Knowing Your Active Directory Environment.

A topic I return to frequently is what I call “IT Epistemology” – what do we know about our IT environment, and how do we know it? It’s one thing to have a general working knowledge of this system or that process, but another thing entirely to know for sure that it works and achieves it’s goal.

Endpoint management is a common element of the managed IT services landscape, usually accomplished by a lightweight management agent deployed onto enterprise computers. The ability to exercise control over workstations and servers is key to keeping the network stable, secure, and functioning as expected. But what if there are machines which avoid discovery, only to resurface later?

Unmanaged rogue workstations can present a serious security risk – especially when the MSP has become complacent, assuming that all machines on the network have been identified and incorporated into the management system. An endpoint not being managed is an endpoint which is probably not being patched or protected by enterprise-grade antivirus either.

This is where IT epistemology comes in. If we believe that all workstations within a company domain are being managed, how can we know that for sure? We need to verify what we think is true against some hard evidence.

Thankfully, this isn’t difficult in an Active Directory environment. With the running of a simple Powershell script, you can pull a complete list of all enabled computer accounts in AD – alongside Last Logon dates, to get a sense of any machines which could potentially be disabled in AD as well.

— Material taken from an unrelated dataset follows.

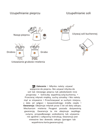 Uzupełnianie pieprzu Uzupełnianie soli Używaj soli kuchennej Nasyp pieprzu Drobno Grubo Ustawianie grubości mielenia PL Zalecenie • Młynka należy używać wyłącznie do pieprzu. Nie używać młynka do soli lub różowego pieprzu lub jakiekolwiek inne przyprawy • Solniczkę wypełniaj solą kuchenną • Przecieraj młynek miękką, suchą szmatką • Nie należy myć w zmywarce • Przechowywać w suchym miejscu, z dala od wilgoci i bezpośredniego źródła ciepła • Gwarancja: Obejmuje młynek przez 5 lat od daty zakupu. Mechanizm mielenia Peugeot posiada dożywotnią gwarancję. Gwarancja ta nie obejmuje zwykłego zużycia, przypadkowego uszkodzenia lub używania nie zgodnie z załączoną instrukcją. Gwarancja jest nieważne bez dowodu zakupu (paragon lub wypełniona karta gwarancyjna).

In an elevated Powershell instance on a domain controller, run the following command:

Get-ADComputer -Filter {(Enabled -eq $True)} -ResultPageSize 2000 -ResultSetSize $null -Server -Properties Name,OperatingSystem,LastLogonDate | Export-CSV “C:\EnabledPCs.csv” -NoTypeInformation

This will generate a CSV file to the notated path with a listing of all enabled computer accounts in Active Directory across all OUs. Take this list and compare it to the workstations shown in your endpoint management console; anything showing up in the Powershell report but not in the management system is a computer to investigate. Look at the logon date; has it not logged into the domain for a while? It might be a decommissioned workstation and can be considered for disabling. Otherwise, computers showing up in AD which don’t show up in the management console may be rogue machines and should be tracked down.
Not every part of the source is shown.